Clearly, dealing with the ParseContext structure is going to be messy, as in Listing 3.2.

Listing 3.2.

// MyPlugIn.cpp





int SrcParse_LibEntry(SPEvent event, ParseContext *context)


{


  switch(event)


  {


    case SPE_PARSE_SYMBOL:


      MyPlugIn_ParseSymbol(context);


  . . .


}





void MyPlugIn_ParseSymbol(ParseContext *context)


{


  size_t  tokLength;


  char    *tokName;


  size_t  cchDest;


  tokLength = 1 + (context->currTokEnd –context->currTokBegin);


  tokName = strncpy( (char*)(*context->pfnAlloc)(sizeof(char)


                 * tokLength), context->currTokBegin, tokLength);


  size_t  cchDest   = 0;





  int  cch = (*context->pfnLookupSymbol)(tokenName, NULL, &cchDest);


  . . .


}

Not pretty is it? As well as being a royal pain to deal with all that code, we're messing around with raw pointers in our logic code, and the handling of errors and exceptions is sketchy at best. All these things are what C++ positively excels at, so surely we can improve it.

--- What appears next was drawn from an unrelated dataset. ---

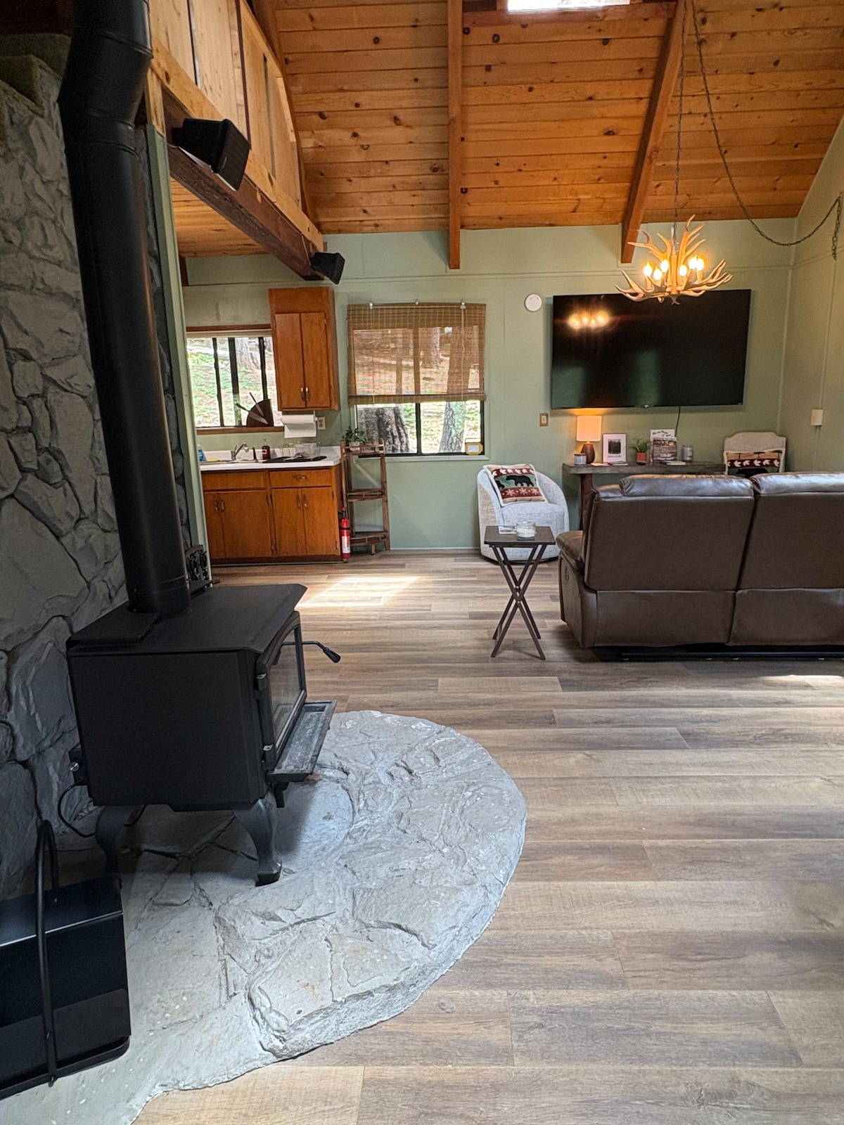 Relax and recharge at this cozy cabin getaway. Tucked away in a peaceful setting, this charming cabin offers the perfect spot to unwind. Thoughtfully decorated with warm touches, it has everything you need for a comfortable and restful stay. The cabin features one bedroom plus a loft upstairs, creating a welcoming space. Step outside to a spacious deck—ideal for relaxing, grilling, or stargazing —and take advantage of the small yard for a little outdoor fun or quiet relaxation.

The answer is that most of the complexity can be easily encapsulated within a wrapper proxy

Listing 3.3.

class ParseContextWrapper


{


public:


  ParseContextWrapper(ParseContext *context)


    : m_context(context)


  {}





  void *Alloc(size_t cb)


  {


    return (*m_context->pfnAlloc)(cb);


  }





  string CurrentToken()


  {


    return string(m_context->currTokBegin, m_context->currTokEnd);


  }





  string LookupSymbol(string const &token)


  {


     . . .





  int OnParseSymbol();





private:


  ParseContext *m_context;


};

which leads to considerably simpler user code.

Listing 3.4.

int SrcParse_LibEntry(SPEvent event, ParseContext *context)


{


  try


  {


    ParseContextWrapper      cw(context);





    switch(event)


    {


      case SPE_PARSE_SYMBOL:


        return OnParseSymbol();





      . . .


  }


  catch(ParseException &x)


  {


    . . .

APIs such as this represent the stereotypical wrapper proxy case. ParseContextWrapper does not in any way own the ParseContext pointer it is given, it merely enables client code to work with a simpler, and presumably well-tested, interface over the base API. Note that I've made the m_context member private out of habit; you could arguably leave it public, since the client code has access to the raw ParseContext anyway, but old habits die hard.^[2]

^[2] Be thankful I didn't go really paranoid and take a pointer reference in the constructor, and then set the raw pointer to NULL, so nothing else could use it.